▶ [ABOUT THIS TASK] Search the records for the word "with" and pick out every line that has it.

▶ [DATA FOR THE TASK]

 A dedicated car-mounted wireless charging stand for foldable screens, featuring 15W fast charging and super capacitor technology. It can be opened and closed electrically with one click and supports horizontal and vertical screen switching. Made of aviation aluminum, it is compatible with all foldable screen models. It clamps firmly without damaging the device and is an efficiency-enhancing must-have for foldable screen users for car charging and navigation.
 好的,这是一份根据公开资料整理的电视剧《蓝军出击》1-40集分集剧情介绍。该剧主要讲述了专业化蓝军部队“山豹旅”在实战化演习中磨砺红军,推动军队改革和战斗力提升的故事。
---
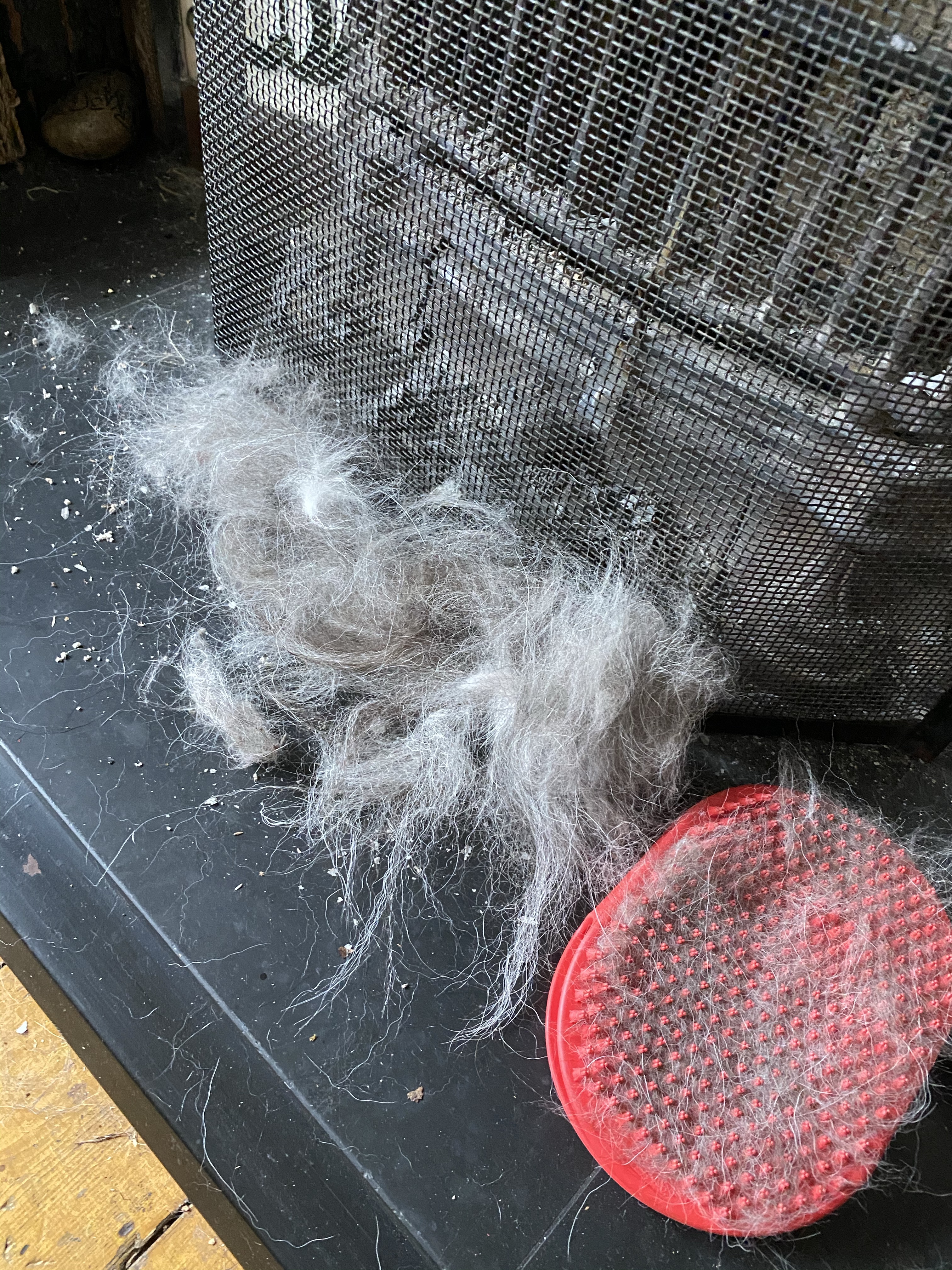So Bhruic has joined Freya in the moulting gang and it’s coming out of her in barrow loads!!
==
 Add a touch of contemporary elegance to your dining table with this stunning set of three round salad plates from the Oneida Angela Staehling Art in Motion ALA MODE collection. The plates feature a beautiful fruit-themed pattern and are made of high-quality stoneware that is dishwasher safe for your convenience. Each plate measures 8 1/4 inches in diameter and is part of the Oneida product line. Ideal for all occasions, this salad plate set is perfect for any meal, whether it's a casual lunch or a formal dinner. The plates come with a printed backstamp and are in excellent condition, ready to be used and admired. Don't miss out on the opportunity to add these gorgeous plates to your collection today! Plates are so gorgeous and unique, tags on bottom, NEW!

▶ [ANSWER BELOW]
 A dedicated car-mounted wireless charging stand for foldable screens, featuring 15W fast charging and super capacitor technology. It can be opened and closed electrically with one click and supports horizontal and vertical screen switching. Made of aviation aluminum, it is compatible with all foldable screen models. It clamps firmly without damaging the device and is an efficiency-enhancing must-have for foldable screen users for car charging and navigation.
 Add a touch of contemporary elegance to your dining table with this stunning set of three round salad plates from the Oneida Angela Staehling Art in Motion ALA MODE collection. The plates feature a beautiful fruit-themed pattern and are made of high-quality stoneware that is dishwasher safe for your convenience. Each plate measures 8 1/4 inches in diameter and is part of the Oneida product line. Ideal for all occasions, this salad plate set is perfect for any meal, whether it's a casual lunch or a formal dinner. The plates come with a printed backstamp and are in excellent condition, ready to be used and admired. Don't miss out on the opportunity to add these gorgeous plates to your collection today! Plates are so gorgeous and unique, tags on bottom, NEW!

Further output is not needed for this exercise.